O koncercie Sanah na stadionie w Chorzowie słyszał już chyba każdy. Młoda wokalistka zafundowała fanom ogromne show, a kilka tego typu koncertów jeszcze przed nią. Fani liczą, że w kolejnych miejscowościach artystka również zaprosi tak samo utalentowanych gości, jacy pojawili się na scenie w Chorzowie. Jeden z nich postanowił wypowiedzieć się już po wydarzeniu o Zuzu i tego nikt się nie spodziewał.
Więcej podobnych artykułów przeczytasz na stronie głównej Gazeta.pl
Przed kilkoma dniami Sanah, a właściwie Zuzanna Grabowska, wystąpiła na Stadionie Śląskim w Chorzowie i zaśpiewała dla wielu tysięcy swoich fanów. Piosenkarka jest w trakcie trasy "Uczta nad Ucztami" i występuje na największych stadionach w całej Polsce. Każdy album artystki odbił się szerokim echem, a ilość jej fanów mamy wrażenie, że nieustannie wzrasta. Na koncercie w Chorzowie tysiące ludzi mogło zobaczyć niepowtarzalne show i nie zabrakło tam też niespodzianek. Co dla gości uczty przygotowała Sanah? Na scenie pojawił się wokalista zespołu "Feel" i wspólnie z Zuzanną zaśpiewał hit, który zna niemalże każdy z nas, czyli "Pokaż Na Co Cię Stać".
Na scenie w Chorzowie fani mieli okazję posłuchać duetu, którego nikt się nie spodziewał, lecz każdy potrzebował. Piotr Kupicha zaśpiewał z Sanah jeden z hitów jego zespołu, co zaskoczyło i wzruszyło tysiące osób. W rozmowie z dziennikarzem serwisu eska.pl Kupicha zdradził ,co uważa na temat Sanah.
To jest super laska, naprawdę. Wiem, że Zuzia uczyła się śpiewać do piosenek Feela. Przed lustrem śpiewała "Pokaż, na co cię stać" i to było jej wielkie marzenie, żeby kiedyś wystąpić z tym gościem, który śpiewa tę piosenkę [...]
- mówił Piotr Kupicha. Dziennikarz postanowił dopytać jeszcze wokalistę o kwestię współpracy z piosenkarką, czy być może planują wydać jakiś utwór razem?

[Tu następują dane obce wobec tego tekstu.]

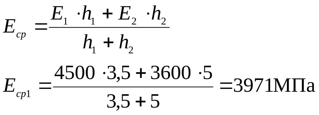 Средний модуль упругости двухслойного асфальтобетона определяется по формуле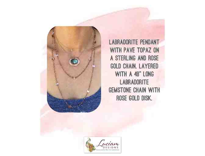 From Luciam Designs, Labradorite Pendant with pave topaz on a sterling and rose gold chain. Layered with a 48" long labradorite gemstone chain with rose gold disk.
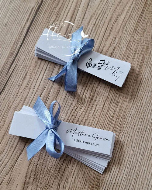 Materiale e misure del bigliettino bomboniera matrimonio tema musica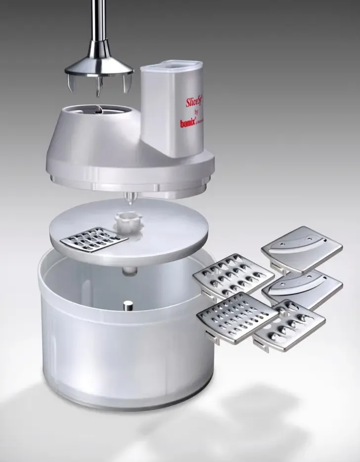Kaikkiin Bamix Sauvasekoitinmalleihin Sopiva Slice Sy -Viipalointi Ja – Raastinlaite Tekee Sauvasekoittimesta Minikokoisen Monitoimikoneen. Lisälaite On Helppo Ja Nopea Liittää Bamix-Sauvasekoittimen Jatkoksi, Kun Tarvitset Pikaisesti Esimerkiksi Juustoraastetta, Suikaloitua Porkkanaa Tai Siistejä Tasapaksuja Kurkkuviipaleita. Pieneentilaan Mahtuva Slice Sy On Helppo Pitää Vaikka Koko Ajan Käden Ulottuvilla. 5 Vaihdettavaa Raastin-/Viipalointiterää Ja Silppuriterä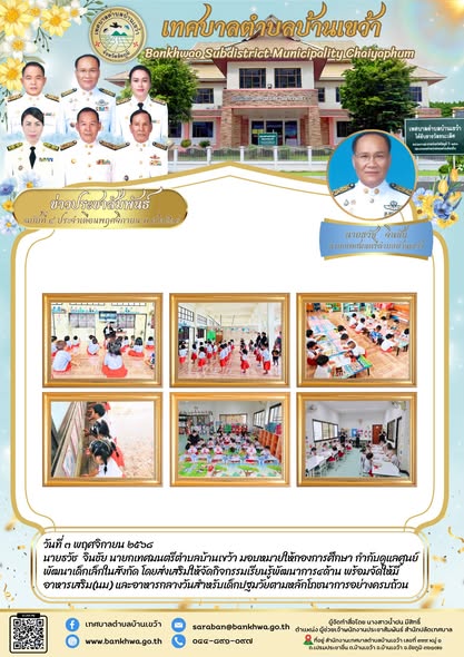 กองการศึกษากำกับดูแลศูนย์พัฒนาเด็กเล็กในสังกัดเทศบาลตำบลบ้านเขว้า...
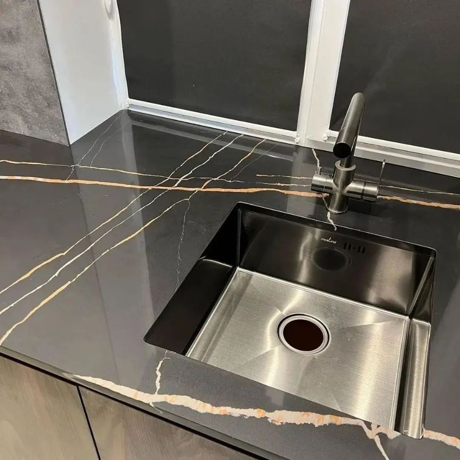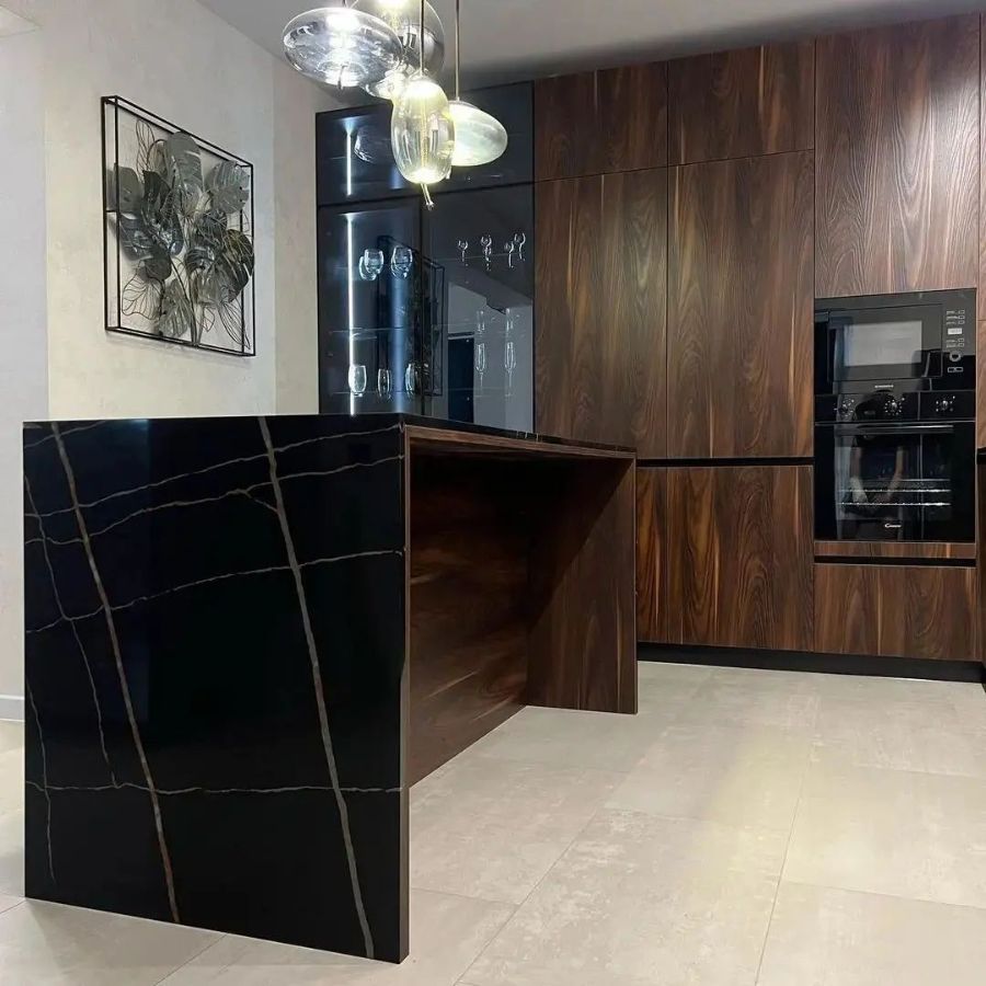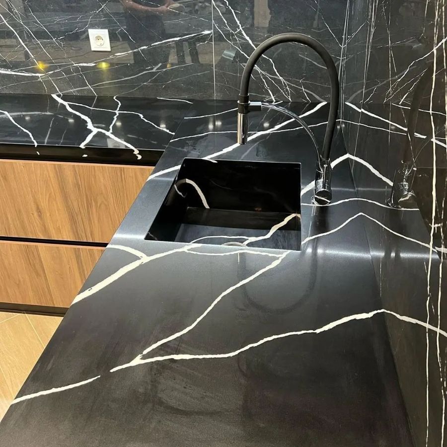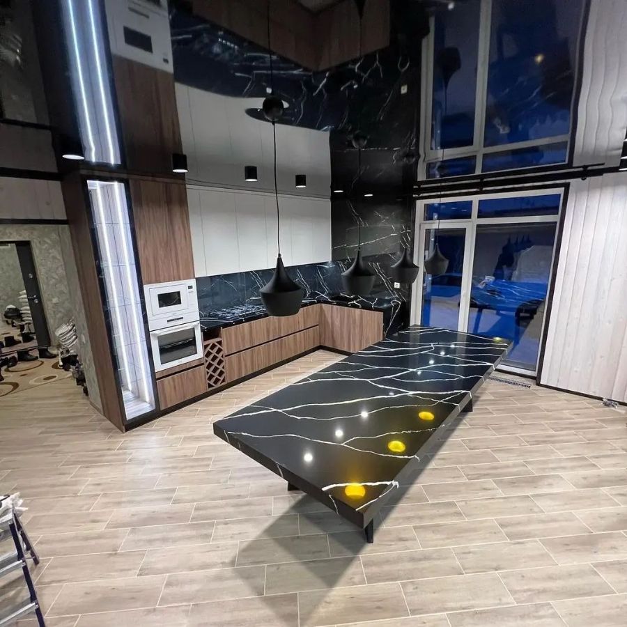 Изготовлена крутая столешница из кварцевого агломерата negro marquina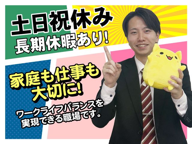 【保険制度】 雇用保険、労災保険、健康保険、厚生年金 待遇 ・社会保険完備 ・各種手当(役職手当、住宅手当、配偶者手当、家族手当)※規定あり ・昇給年1回(業績による) ・賞与年2回(業績による)※決算賞与実績あり ・営業報奨金 ・交通費規程内支給 ・駐車場完備 ・社用車貸与 ・ノートパソコン貸与 ・スマートフォン貸与 ・有給休暇(1時間単位で取得可能) ・産休、育休 ・退職金制度 ・定期健康診断 ・年間表彰制度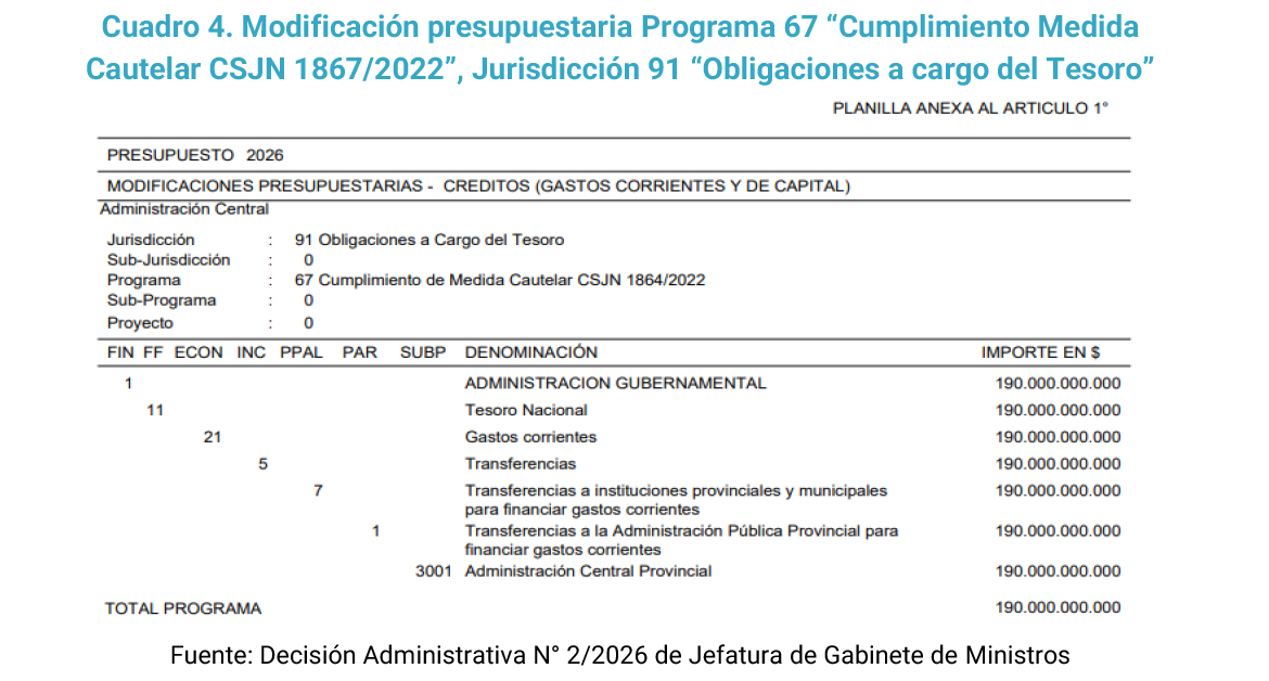 Durante los últimos meses del año pasado en pleno debate por el Proyecto de ley del Presupuesto 2026, nada se decía de este programa en el detalle enviado por el Gobierno al Congreso. En los primeros días de febrero, el Gobierno Nacional, a través de la Decisión Administrativa N° 2[2], incorporó 190 mil millones en las partidas correspondientes a las transferencias a la Ciudad por este concepto. Sin embargo, como se analiza más adelante, esto está lejos de resolver el conflicto ya que representa un monto levemente superior a lo correspondiente a un mes de transferencias. Además, es apenas una fracción de la creciente deuda de la Nación con la Ciudad que llega a 535 mil millones de pesos a precios de febrero 2026.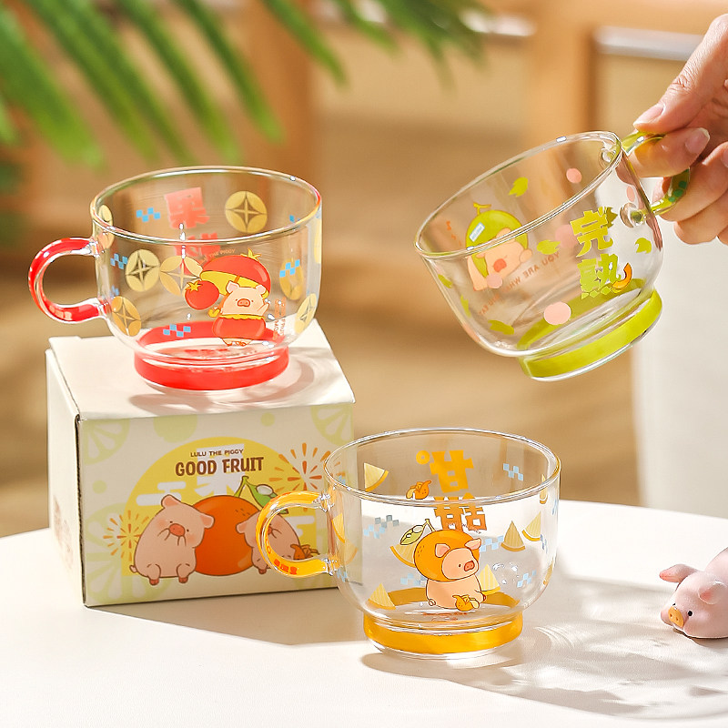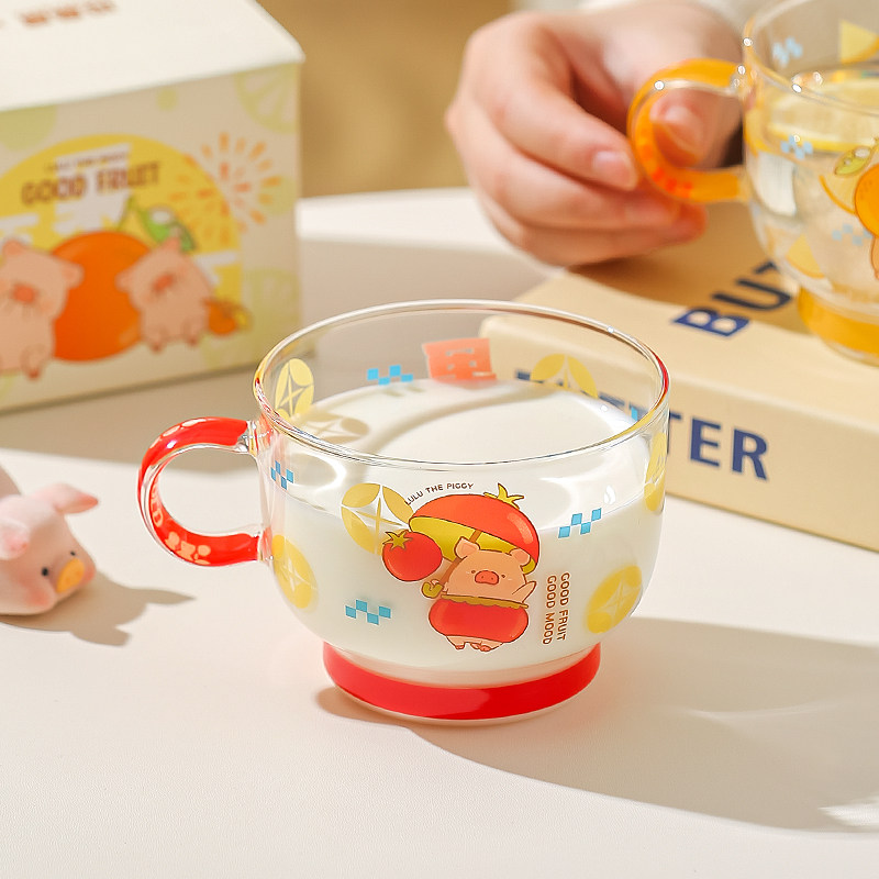 川岛屋&lulu猪联名 可爱玻璃杯女高颜值家用水杯果汁牛奶杯早餐杯

[...] to wszystko zależy też od managementu Zuzi, bo oni podbijają świat poprzez stadiony. W przyszłości, kiedy Zuzia będzie mniej zajęta, kto wie?
- zasugerował wokalista zespołu "Feel". Z pewnością ich wspólna piosenka byłaby hitem i Polskę opanowałaby nie feelomania, a feelosanahomania.